▶ **Data section**

----

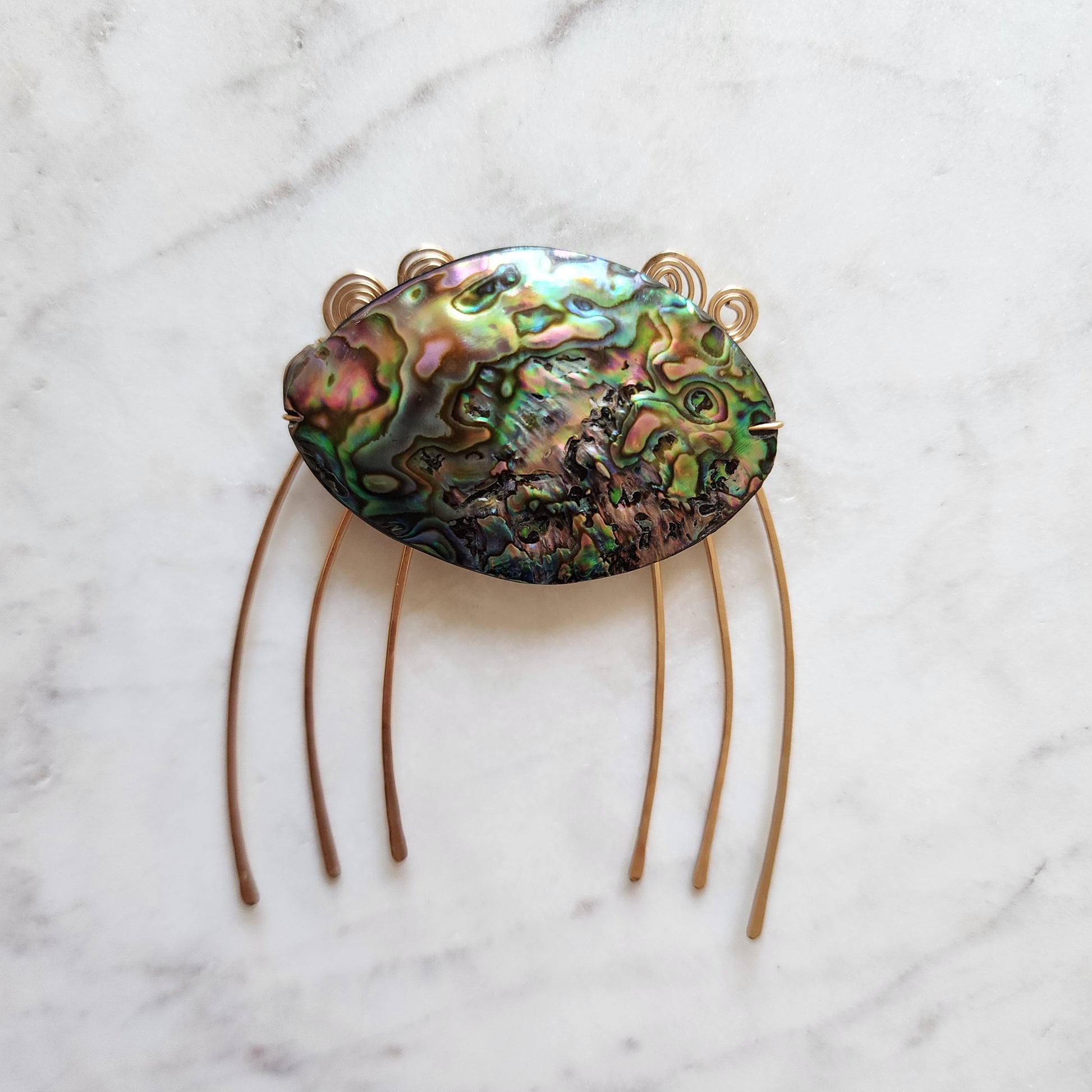 A one-of-a-kind hair adornment forged from 14kt gold-filled wire and genuine abalone shell. Each piece reflects the shifting light of the sea — a modern talisman of strength, femininity, and coastal elegance.
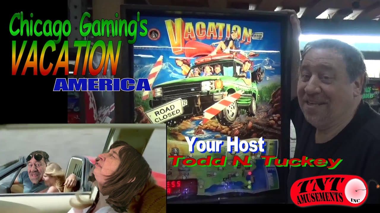 Vacation America, released by Chicago Gaming Company in December 2003, is a solid-state pinball machine designed specifically for home use. The game was designed by John Trudeau and Steve Kordek, with artwork by Paul Faris.
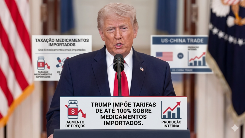 O mercado farmacêutico global sofreu um abalo sísmico nesta semana. Trump impõe tarifas de medicamentos importados com índices que chegam a 100%. Com efeito, esta medida protecionista visa priorizar a fabricação de insumos dentro dos Estados Unidos. Consequentemente, o anúncio gerou instabilidade imediata nas bolsas de valores. Por isso, laboratórios internacionais recalculam agora os custos de exportação para o mercado americano.

----

Your copy of the data should match it exactly, apart from the images, which are omitted.

 A one-of-a-kind hair adornment forged from 14kt gold-filled wire and genuine abalone shell. Each piece reflects the shifting light of the sea — a modern talisman of strength, femininity, and coastal elegance.
 Vacation America, released by Chicago Gaming Company in December 2003, is a solid-state pinball machine designed specifically for home use. The game was designed by John Trudeau and Steve Kordek, with artwork by Paul Faris.
 O mercado farmacêutico global sofreu um abalo sísmico nesta semana. Trump impõe tarifas de medicamentos importados com índices que chegam a 100%. Com efeito, esta medida protecionista visa priorizar a fabricação de insumos dentro dos Estados Unidos. Consequentemente, o anúncio gerou instabilidade imediata nas bolsas de valores. Por isso, laboratórios internacionais recalculam agora os custos de exportação para o mercado americano.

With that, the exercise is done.